Physostigmine, Sometimes called eserine, product of poisonous calabar bean

Question 13

what is physostigmine mechanism of action & SAR?

Answer 13

• Carbamate required.
• Benzene important (phenoxide leaving group).
• Ionizable nitrogen is important.

Question 14

what are the rpoperties of Physostigmine analogues?

Answer 14

•High toxicity of physostigmine has lead to development of safer analogues.
•Miotine better, but free base form can cross BBB, leading to CNS effects
.•Permanent charge on Neostigmine and Pyridostigmine prevent BBB passage.
•Extra methyl groups sterically protect carbonyl from attack by water once bound to AChE. Increases duration of action

Question 15

how does ACHE inhibitors work for alzhimers?

Answer 15

• ACh acts in CNS as well as periphery.
• Drugs not quaternised in order to pass BBB.
• GI side-effects from lack of specificity.

Question 16

what is the role of Antagonists: Muscarinic?

Answer 16

•Reduction of gastric secretions and saliva.
•Reduction of GIT and urinary tract motility.
•Opthalmic use: dilatation of pupils
•Treatment for peptic ulcers.
•Treatment for Parkinson’s Disease
.•Treatment for motion sickness.

Question 17

what was Atropine used for?-natrual product

Answer 17

Used for pupil dilation (ancient), reduction of GI motility and as treatment for anticholinesterase poisoning

Question 18

what was Hyoscine (scopolamine) used for?

Answer 18

used for motion sickness obtained from thorn apple (Datura stramonium).

Question 19

how do Atropine vs ACh compare?

Answer 19

•Retains ester and amine (protonated) at required distance
.•Free base able to cross BBB, causes hallucinations at high doses.

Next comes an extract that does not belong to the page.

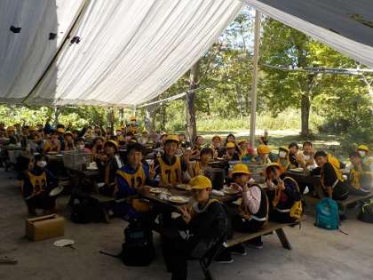 昼食のカレーライスは、どの班も仲間と協力したおかげでおいしくでき上がりました。「自然の中でみんなと作ったカレーライスは、とてもおいしいね」と笑顔があふれていました。「今度は自分だけで家で作ってみたいな」という声も聞かれ、ぜひ挑戦してみてほしいと思います。

Used in witchcraft.
•Antagonism due to extra binding groups, can interact with receptor without inducing conformational change associated with signal transduction.

Question 20

why do we use analogues?

Answer 20

to reduce CNS s/e:
Quaternised salts can not pass BBB.
•Ipratropium is a SAMA, and used clinically as a bronchodilator.
•Atropine methonitrate used to lower GIT motility.
•Amprotropine is active: rigidity not required

Question 21

what do Large branched ester substituents promote?

Answer 21

promote antagonist behaviour.

Question 22

what is the ideal receptor for COPD?

Answer 22

muscarninic 3

Question 23

what is the snap lock mechanism?

Answer 23

• Goes in normal sort of way- 4 aromatic residues which form aromatic box- locks molecule in- and cant get back out- has to cause another rearrangement before it can slide out

Question 24

what ar Nicotinic antagonists used for?

Answer 24

neuromuscular blocking agents
Lower doses of active ingredient tubocurarine used to relax abdominal muscles pre-surgery.
•Allows for lower doses of anaesthetic to be used.

Question 25

how does Tubocurarine and the cholinergic receptor bind?

Answer 25

Early theories suggested binding to two separate ACh sites, but this does not fit modern structural data.
•Current model involves one site and a cysteine residue.

Question 26

what are Other nicotinic cholinergic antagonists?

Answer 26

Just about any molecule with two cations held roughly 1.15 nm apart!
•Two ionic charges overcome lack of ester unit of ACh.
•Main issue is selectivity,

Question 27

what are self-destructing drugs?

Answer 27

In blood undergoes Hofmann elimination.